MATERIAL FOR THIS EXERCISE.
++++++++

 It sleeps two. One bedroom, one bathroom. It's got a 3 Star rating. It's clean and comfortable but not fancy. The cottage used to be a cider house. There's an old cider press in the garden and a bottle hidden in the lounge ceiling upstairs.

++++++++

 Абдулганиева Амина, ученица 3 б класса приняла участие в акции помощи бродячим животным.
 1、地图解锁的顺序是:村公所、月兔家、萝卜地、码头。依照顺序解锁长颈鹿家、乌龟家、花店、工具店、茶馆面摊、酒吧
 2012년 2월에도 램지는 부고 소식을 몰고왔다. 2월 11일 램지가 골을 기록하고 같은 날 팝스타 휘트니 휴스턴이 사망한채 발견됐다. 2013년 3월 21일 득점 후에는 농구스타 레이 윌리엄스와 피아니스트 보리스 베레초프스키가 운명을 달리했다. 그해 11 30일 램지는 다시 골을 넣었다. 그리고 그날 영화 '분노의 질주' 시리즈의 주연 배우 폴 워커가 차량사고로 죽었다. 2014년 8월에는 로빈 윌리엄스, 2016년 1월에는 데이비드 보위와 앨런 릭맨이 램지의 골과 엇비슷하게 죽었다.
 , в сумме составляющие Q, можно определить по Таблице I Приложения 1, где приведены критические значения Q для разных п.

++++++++

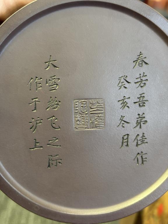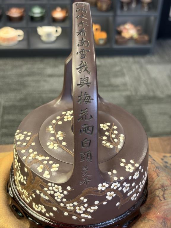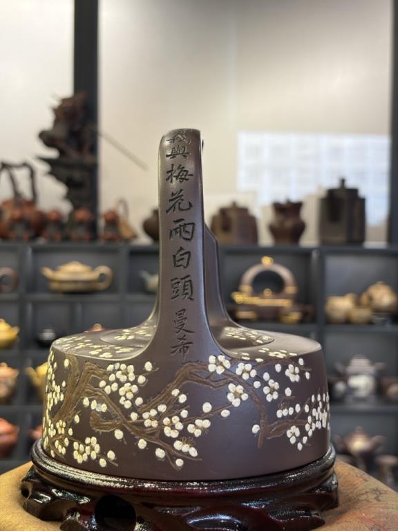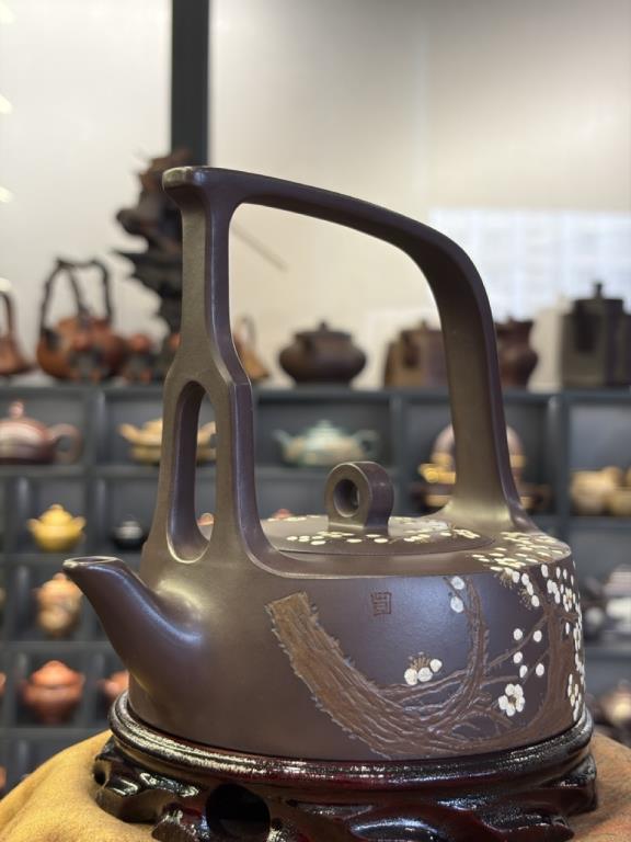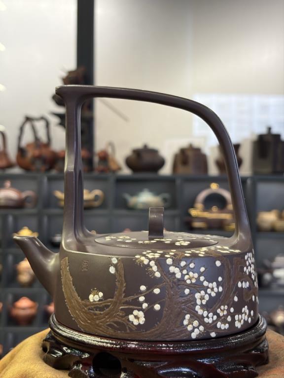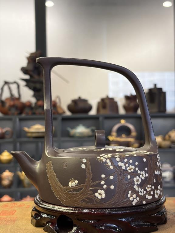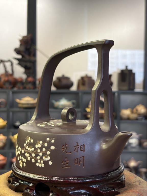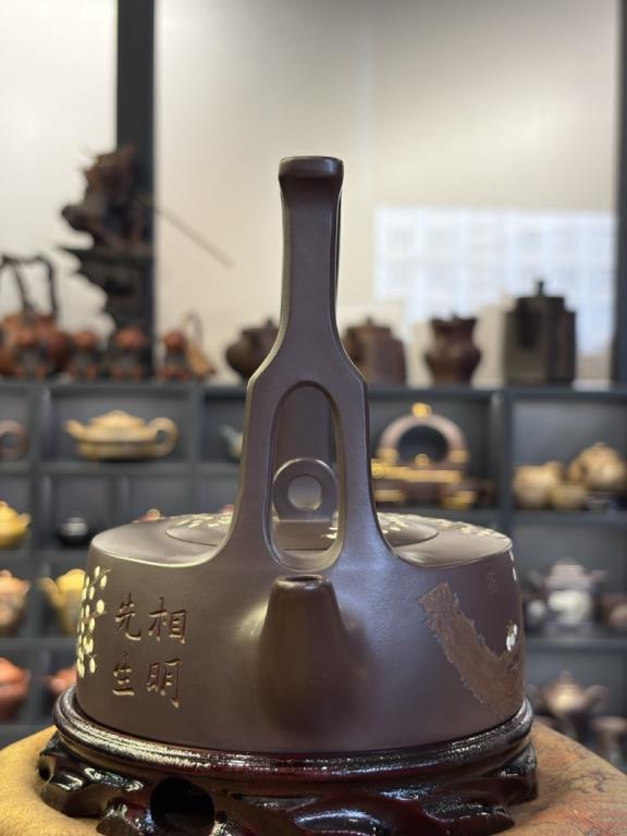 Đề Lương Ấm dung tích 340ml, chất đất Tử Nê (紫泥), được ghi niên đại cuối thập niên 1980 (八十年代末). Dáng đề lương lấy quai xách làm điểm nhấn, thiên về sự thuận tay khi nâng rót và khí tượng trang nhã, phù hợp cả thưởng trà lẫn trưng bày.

++++++++

TASK BRIEF. I'd like the lines above from the one with "2012년 2월에도 램지는" up to and including the one with "для разных п." copied exactly, with no other lines.

EXERCISE SOLUTION.
 2012년 2월에도 램지는 부고 소식을 몰고왔다. 2월 11일 램지가 골을 기록하고 같은 날 팝스타 휘트니 휴스턴이 사망한채 발견됐다. 2013년 3월 21일 득점 후에는 농구스타 레이 윌리엄스와 피아니스트 보리스 베레초프스키가 운명을 달리했다. 그해 11 30일 램지는 다시 골을 넣었다. 그리고 그날 영화 '분노의 질주' 시리즈의 주연 배우 폴 워커가 차량사고로 죽었다. 2014년 8월에는 로빈 윌리엄스, 2016년 1월에는 데이비드 보위와 앨런 릭맨이 램지의 골과 엇비슷하게 죽었다.
 , в сумме составляющие Q, можно определить по Таблице I Приложения 1, где приведены критические значения Q для разных п.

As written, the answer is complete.